63%Carbon footprint reduction in the roadmap
361,870 EURAnnual savings identified
Net zeroFull pathway modelled

For a large pharmaceutical site, EM3 turned a site assessment into a decision-ready decarbonisation roadmap. We quantified total site energy use and emissions, identified a set of energy and carbon reduction opportunities, and modelled the financial and operational impact of each.

The roadmap identified 361,870 euro of annual savings and a 63 percent reduction in the site carbon footprint achievable through the identified measures, then set out a broader pathway to full decarbonisation, including the additional measures required to reach net zero. The value is not just the savings, but seeing how different levels of ambition translate into cost, carbon reduction and operational change over time.

Overhead view of a modern operational industrial plant
EM3 engineer with a system blueprint beside industrial switchgear
Why EM3

Why EM3

  • Built from the ground up

    The roadmap is built from site-specific engineering analysis, not imposed as a top-down strategy, so it reflects how your site actually operates.

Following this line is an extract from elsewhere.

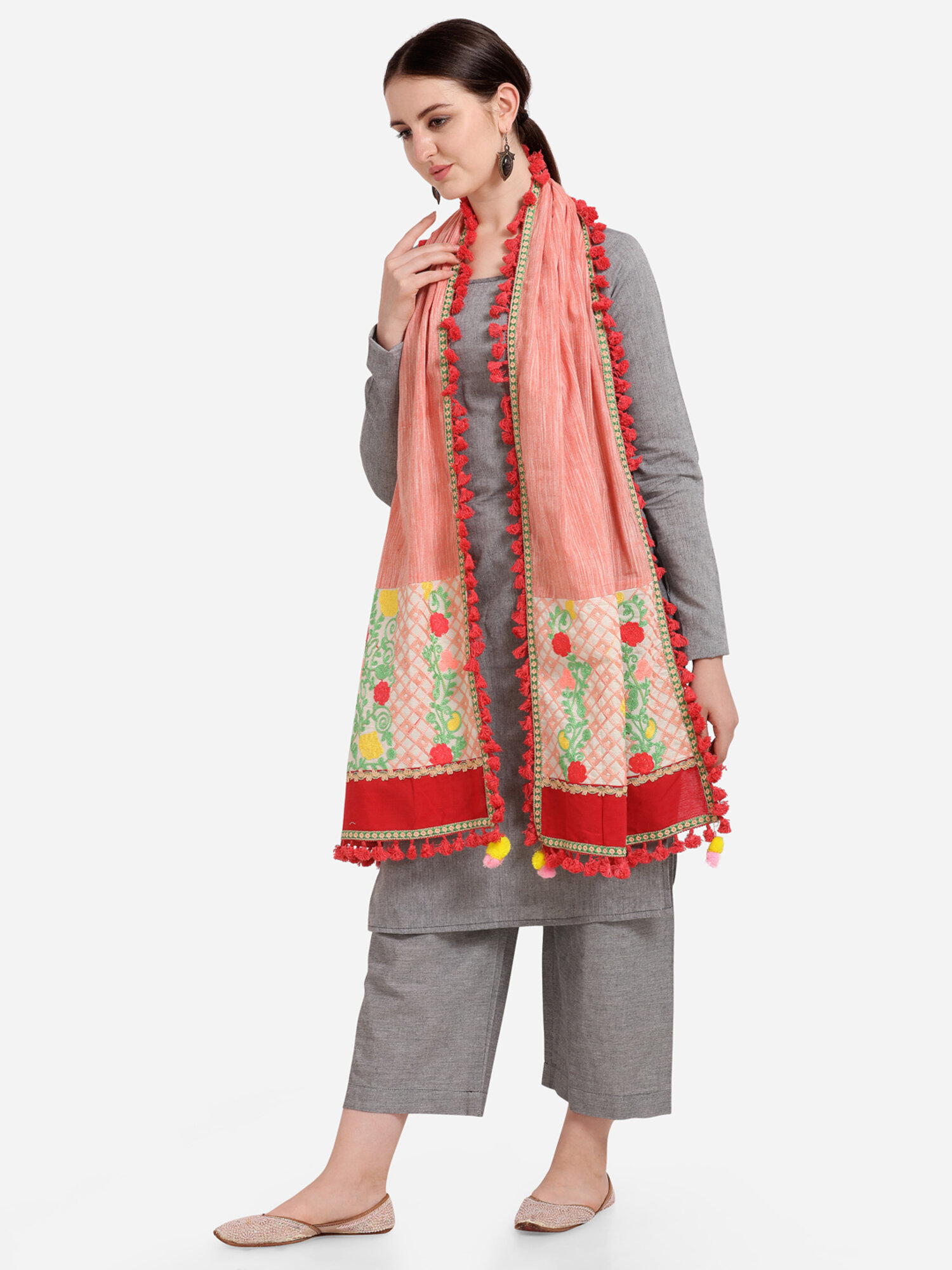This peach and white dupatta is crafted in organic khadi cotton. It is embroidered with floral motif. This dupatta is attached with panels on both the sides. It is embellished with fancy laces and tassel laces.This vibrant dupatta is perfect for your festive occassion.

  • Grounded, not theoretical

    It links system-level energy analysis, real operating conditions and detailed financial modelling, so the plan holds up when it meets the realities of the site.

  • Vendor-neutral

    With no ties to equipment suppliers, the roadmap focuses on the best overall outcome for the site rather than driving toward specific technologies.

  • Designed to lead into delivery

    MACCs, financial models and phased strategies mean the roadmap supports capital investment decisions, internal business cases and grant applications, not just a description of possibilities.

How we engage

How We Engage

Typical durationAround ten weeks
Engagement model

The roadmap is delivered as a fixed-price project, typically around ten weeks, with payments linked to milestones such as project initiation, completion of the site visit and issue of the final report. Where recent audit or baseline data already exists we build on it, which can shorten the timeline. The exact scope is confirmed in a proposal.

FAQ

Frequently Asked Questions

How is a decarbonisation roadmap different from an energy audit?

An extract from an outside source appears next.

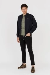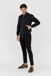 Czarna kurtka męska bomberka z dodatkową kieszenią wewnątrz.

An audit or baseline identifies and quantifies opportunities. The roadmap takes that further: it sequences those opportunities into a phased, costed plan that connects today's actions to your long-term carbon and energy targets, with the dependencies between projects made explicit.

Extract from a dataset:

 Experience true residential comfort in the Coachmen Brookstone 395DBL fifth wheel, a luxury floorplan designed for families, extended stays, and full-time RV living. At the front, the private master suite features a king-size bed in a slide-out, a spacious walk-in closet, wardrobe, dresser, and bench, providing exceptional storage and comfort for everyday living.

Do we need an audit or baseline first?

The roadmap builds directly on energy audits and carbon baseline analysis. Where you already have recent data we build on it, which can shorten the timeline. Where you do not, we establish the current state as part of the work.

How are the opportunities prioritised?

They are structured into phases based on complexity, cost and payback, operational impact and the dependencies between projects, so you can see what to do immediately, what needs further development and what sits in the longer term.

What financial detail do we get?

Each opportunity is modelled for energy savings, CO2 reduction, capital and financial performance including IRR and NPV. The roadmap also includes a marginal abatement cost curve and grant and funding analysis to support the business case.

Does it cover electrification and renewables?

Yes. Opportunities span operational improvements, system optimisation, equipment upgrades, fuel switching and electrification, and renewable energy integration, all assessed against your specific systems and constraints.

How long does it take?

Around ten weeks for a full roadmap. Where recent audit or baseline data already exists, we build on it and the timeline can be shorter.